Merry Peers is a pair of Berlin residents crafting sumptuous soundscapes and dreamworlds in a manner that is far less clichéd than either of those nouns make the effort sound. Brad Henkel plays his trumpet through a bunch of effects and Yoshiko Klein mans the synthesizer bank, guiding this ship from the bridge right into outer space. Henkel spends the first few minutes of side A’s single piece ‘Glad We Did’ talking us through some softly spoken self-help over a blissful synth bed: “I guess all we can do is breathe/ take a second/ close your eyes/ and breathe/ give yourself a few seconds to let go/ close your eyes/ don’t look away/don’t look away.” The veracity of the sentiment is perhaps questionable, as there’s an unsettling sort of inversion to this ambient dreamworld Merry Peers create. It’s almost like Henkel’s opening words are designed to lower our defences before grabbing our hand and marching us slowly into a dream that’s more Dali- than Eno-esque; a desert of synthesized winds punctuated by stoney warped trumpet lines.

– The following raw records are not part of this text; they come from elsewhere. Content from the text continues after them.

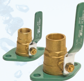
Shut-off Swivel Freedom FLANGE®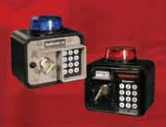
Master Key Retention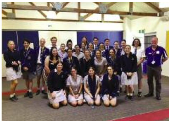
Visiting Student Leaders at Assumption College Kilmore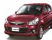
Fire Brick Red*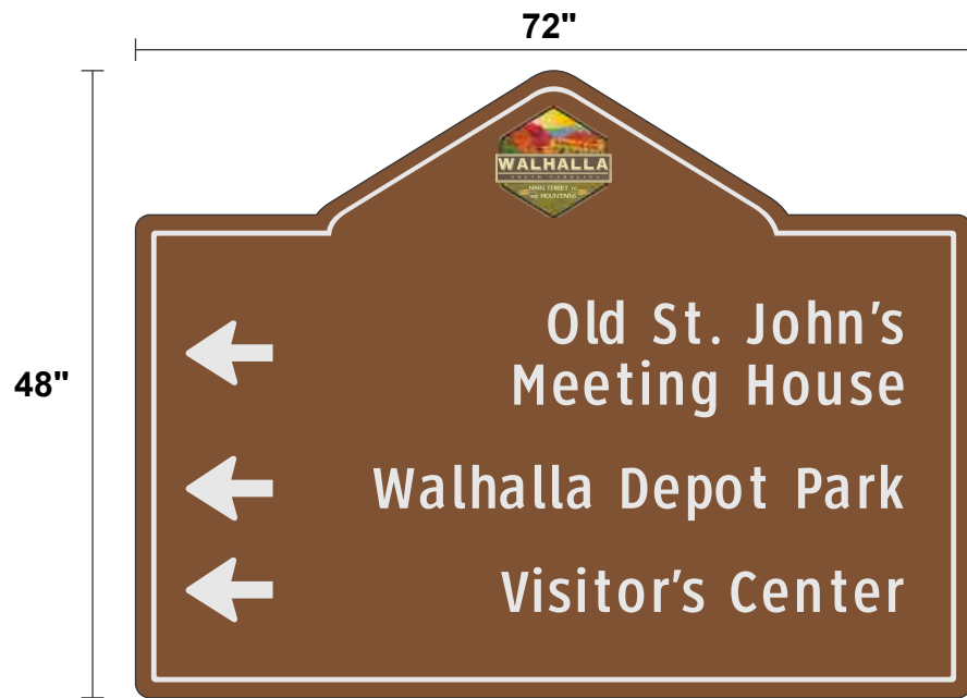
Sign Type 4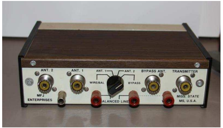
Back view of MFJ-941 Versa Tuner II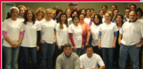
The Gallagher Benefits team spent the day on our campus cleaning our kitchen, sorting donations, and distributing holiday gifts.

To view photos of all of our volunteers, please visit our website at www.northernhome.org .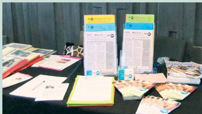
BreaCan display promotional materials at the BCNA Sale Living well beyond breast cancer forum.

The flipside is equally strange and engaging, with Henkel and Klein continuing to guide us into a strange place of their imagining. Henkel’s trumpet is too subtle and textural to resemble Jon Hassell’s (the most obvious comparison I know, sorry) too closely, and on side B’s ‘You Say Me’ weaves seamlessly into a hissy bed of Klein-like synth drones around the halfway mark. The pair meld truly into one for a while in a compelling and sensual moment, and then the piece rambles onward towards a lush finale of healing tones and warm washes of processed trumpet and synth melodies. This is most certainly dream music, but quite what the Latenter Trauminhalt – the ‘latent content’ as Freud would describe – actually is remains tough to extract. It’s a beautiful experience, but quite where it takes you is refreshingly hard to pin down.

Prague-based Izanasz (real name Jan Palatý) often works as an audiovisual artist, utilising runes and characters of his own creation in live projections. I only mention his neography (shown off on the album’s artwork) as the creation of a unique alphabet analogises well his musical methods. Izanasz comes deep from within the same massive ballpark that Autechre, Xenakis, and Samuel Beckett all inhabit, where recognisable totems get us through the doorway, only to plonk us down on the other side in a room full of strangers and unidentifiable emblems.

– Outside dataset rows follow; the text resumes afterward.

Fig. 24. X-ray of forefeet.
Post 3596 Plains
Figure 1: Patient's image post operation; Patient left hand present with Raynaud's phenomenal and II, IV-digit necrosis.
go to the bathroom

The second in a series of three releases, Psykedelar Vol. 2 is part of an “attempt to capture what psychedelic experiences feel like to me”, explains Palatý. In that sense, it’s definitely a fully successful undertaking. Deep into the slow, monstrous, creaking, dozen-minute epic of ‘Alveg af fjöllum’ (Icelandic for ‘All Of The Mountains’), it’s impossible to feel normal. The tempo of a buried pixelated lattice of digital tones speeds up, and a generated gang of degenerate tones refuse to make sense. The music is occasionally danceable I guess (if you’re a weirdo, you can dance to anything right?) but the music’s relationship with club music is perhaps more circumstantial than anything else, a quirk of using similar gear (DAWs and modulars I’m guessing). This might well be a brain-frying trip into stretched and skewed music, but it’s not without its outright pleasant moments either. ‘Krypp’ digitally stretches out what sounds like a guitar lick from sub-Saharan Africa, and sits it atop a pretty standard IDM groove and plays out just like you instinctively want it to. The tape as a whole though, is a notably weird trip – to the extent that I’m not even sure I could recommend mixing actual psychedelics with Psykedelar.